The bone marrow is the adult tissue where all cells of the blood are generated from hematopoietic stem cells in a process termed hematopoiesis. The differentiation and maturation of blood cells is controlled by a variety of bone marrow-resident cell populations within their microenvironment, the so called niche. While a healthy bone marrow niche supports normal hematopoiesis, perturbations of the niche could give rise to hematological malignancies and vice versa. In particular, a prevailing model of blood cancer postulates niche competition between healthy hematopoietic stem cells and tumor cells. According to this model, tumor cells remodel the microenvironment to gain a competitive advantage over healthy stem cells, which eventually leads to a dominance of tumor cells in the bone marrow niche and the loss of healthy stem cells. Therefore, the bone marrow microenvironment is an important driver of healthy and malignant hematopoiesis and a better understanding of niche interactions underlying blood cell differentiation could reveal novel therapeutic targets for the treatment of blood diseases, such as myelodysplastic syndromes (MDS), representing one of the most frequent blood cell malignancies, commonly giving rise to leukaemia with poor prognosis.

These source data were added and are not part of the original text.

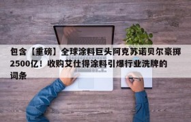 【重磅】全球涂料巨头阿克苏诺贝尔豪掷2500亿!收购艾仕得涂料引爆行业洗牌的简单介绍
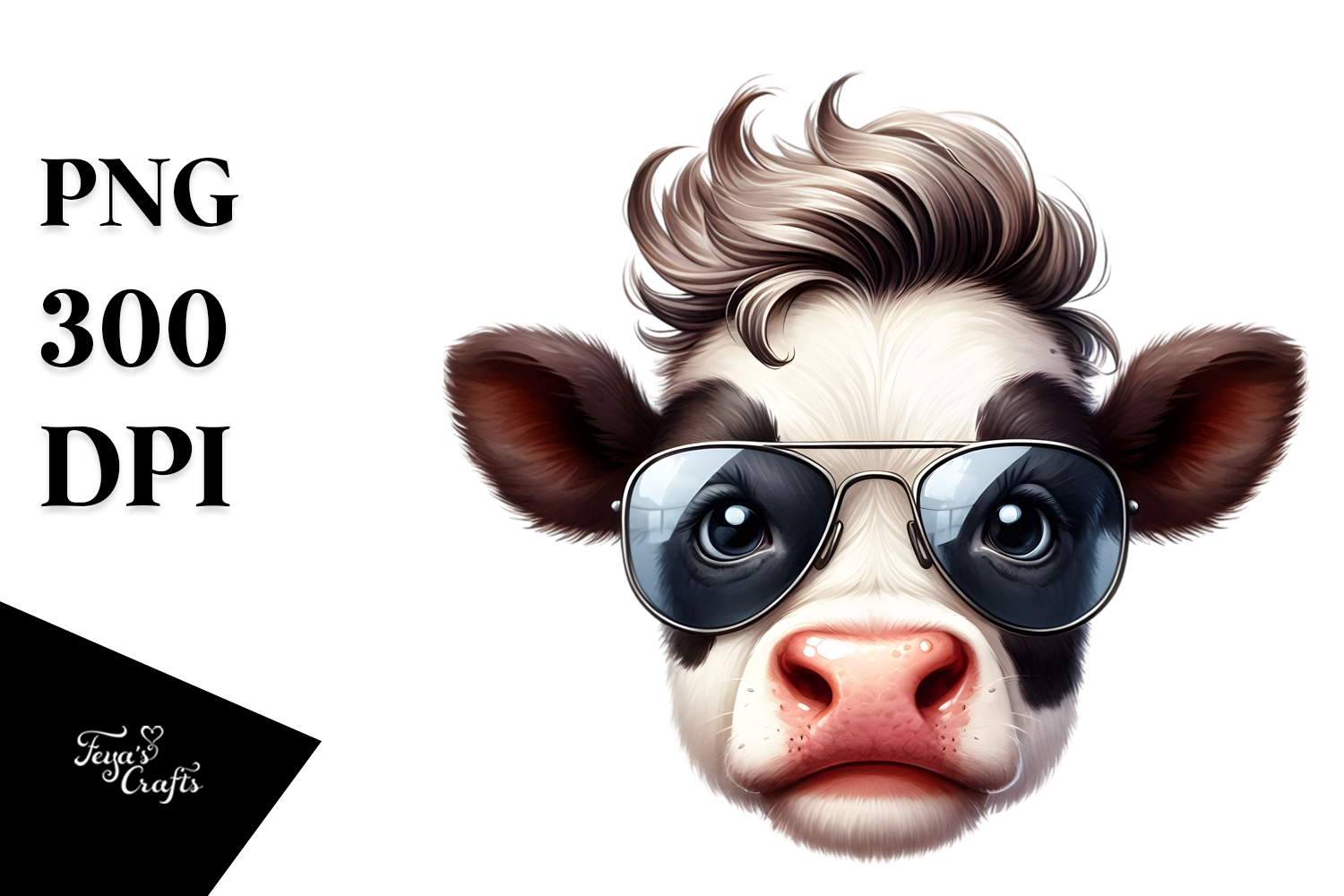 Funny Baby Cow with Cool Hair, PNG example image 1
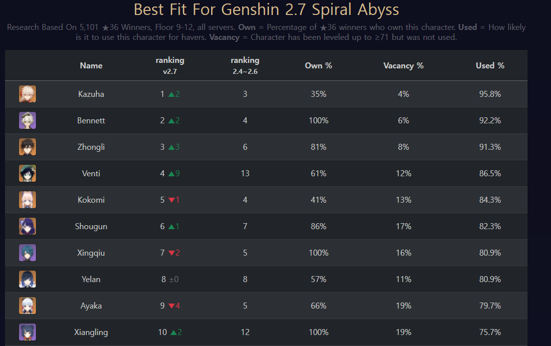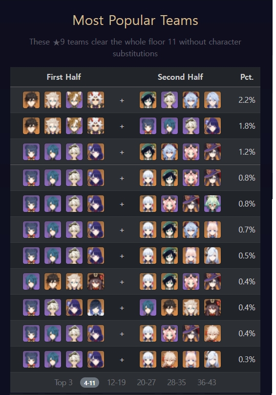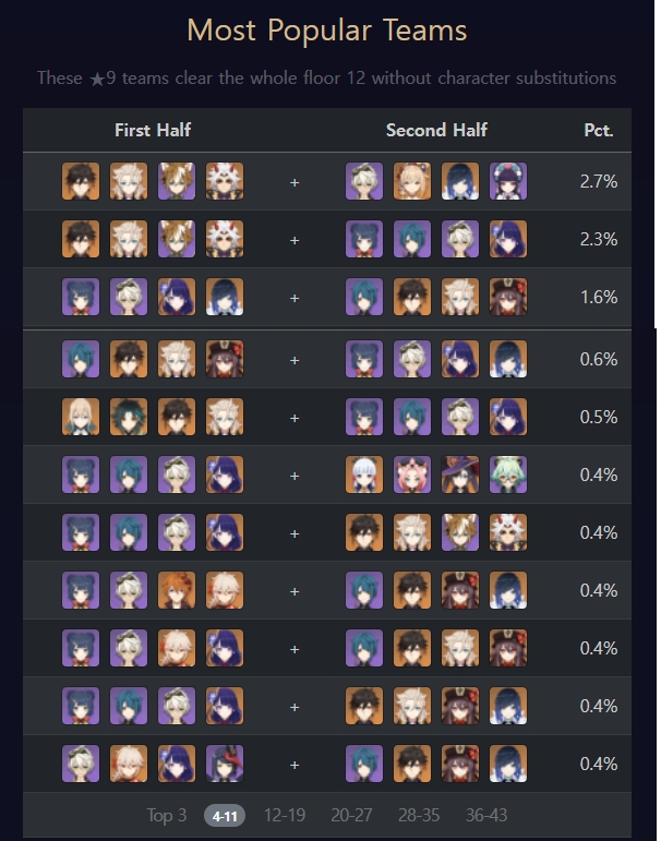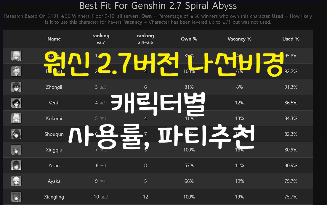 2.7버전 나선비경 캐릭터별 사용률, 나선비경 층별 파티추천 최신(야란 포함)

To understand the role of the microenvironment during hematopoiesis, spatial single-cell resolution analysis of bone marrow tissue would be required. To address this challenge within the ImmuNiche project, we are combining state-of-the-art single-cell RNA-sequencing technology with large-scale single-molecule resolution imaging of hundreds of genes in bone marrow tissue sections to create a single-cell resolution spatial map of the bone marrow . We are establishing tailored machine learning methods to integrate these data types and to infer cell-cell interactions and the underlying molecular pathways controlling blood cell differentiation. We will first investigate the bone marrow microenvironment in healthy mice as a model organism, and then apply the same approach to mouse models of myelodysplastic syndromes (MDS) and leukemia.
In parallel, we will collect bone marrow samples from MDS patients across different stages of the disease and perform a similar analysis on these samples to identify conserved disease-related changes of cell-cell interactions, which we prioritise as candidates for functional validation in the mouse model. With this strategy we hope to acquire a better understanding of the emergence of MDS and leukemia by elucidating the involvement of the microenvironment, and, in particular, to identify novel candidates for treating these malignancies.